DOMRADIO.DE: Seit wann gibt es diplomatische Beziehungen zwischen dem Vatikan und Deutschland?
Ulrich Nersinger (Vatikan-Experte): Genau fassen kann man das nicht, weil es im Laufe der Geschichte immer Beziehungen zum Heiligen Stuhl gab. Es gab auch sporadisch Botschafter.
Eine ständige Vertretung des Papstes im Deutschen Reich gab es erst 1584. Da wurde eine Nuntiatur in Köln begründet. Die war im Heiligen Römischen Reich Deutscher Nation akkreditiert. Dann gab es 200 Jahre später, weil Bayern etwas Besonderes sein wollte, die Nuntiatur in Bayern 1784.
DOMRADIO.DE: Wie haben sich die Beziehungen durch die zwei Weltkriege verändert?
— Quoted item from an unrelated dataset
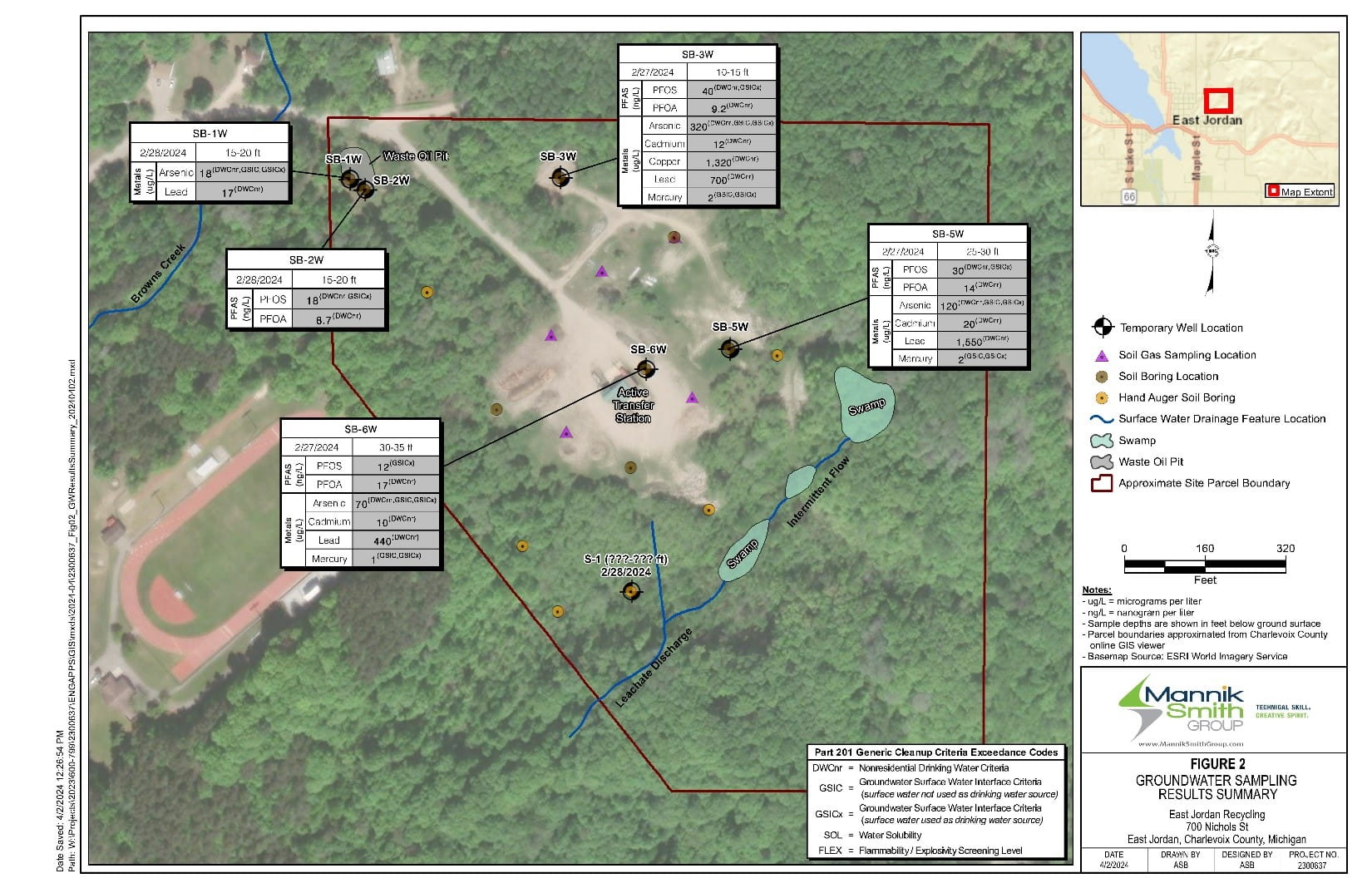 East Jordan Disposal, located at 700 Nichols Street, is a closed municipal landfill/transfer station that served the city of East Jordan. For over 20 years, a clay-lined oil storage pit at the entrance to the landfill was used for firefighter training in extinguishing oil fires. In 1980, contaminated soils from the oil pit were excavated. In February of 2024, during an EGLE Brownfield Site Assessment grant, groundwater monitoring wells around the former landfill were sampled. The highest PFAS detection was 40 ppt PFOS (compared to 16 ppt Drinking Water Criteria and 12 ppt Water Quality Value) and 17 ppt PFOA (compared to 8 ppt Drinking Water Criteria).

Nersinger: Sie haben sich teilweise verändert. Es gab aber auch dramatische Situationen. 1917 wurde Eugenio Pacelli, der spätere Pius XII., zum Apostolischen Nuntius in Bayern ernannt, also noch mitten im Ersten Weltkrieg. Als sich das Ende des Krieges für Bayern abzeichnete, kam es in München zu Revolutionen, wie den Spartakistenaufstand.
Die Spartakisten wollten die Nuntiatur besetzen und den Nuntius zu der Herausgabe seines Botschafterwagens zwingen. Der Nuntius hat sich ihnen entgegengestellt, obwohl er im Grunde schon die Pistole an der Schläfe hatte. Aber er hat es dann durch sein Auftreten geschafft, Schlimmeres abzuwenden. Das Besondere ist aber eigentlich, dass der Nuntius in München geblieben ist, während alle anderen Diplomaten geflohen waren.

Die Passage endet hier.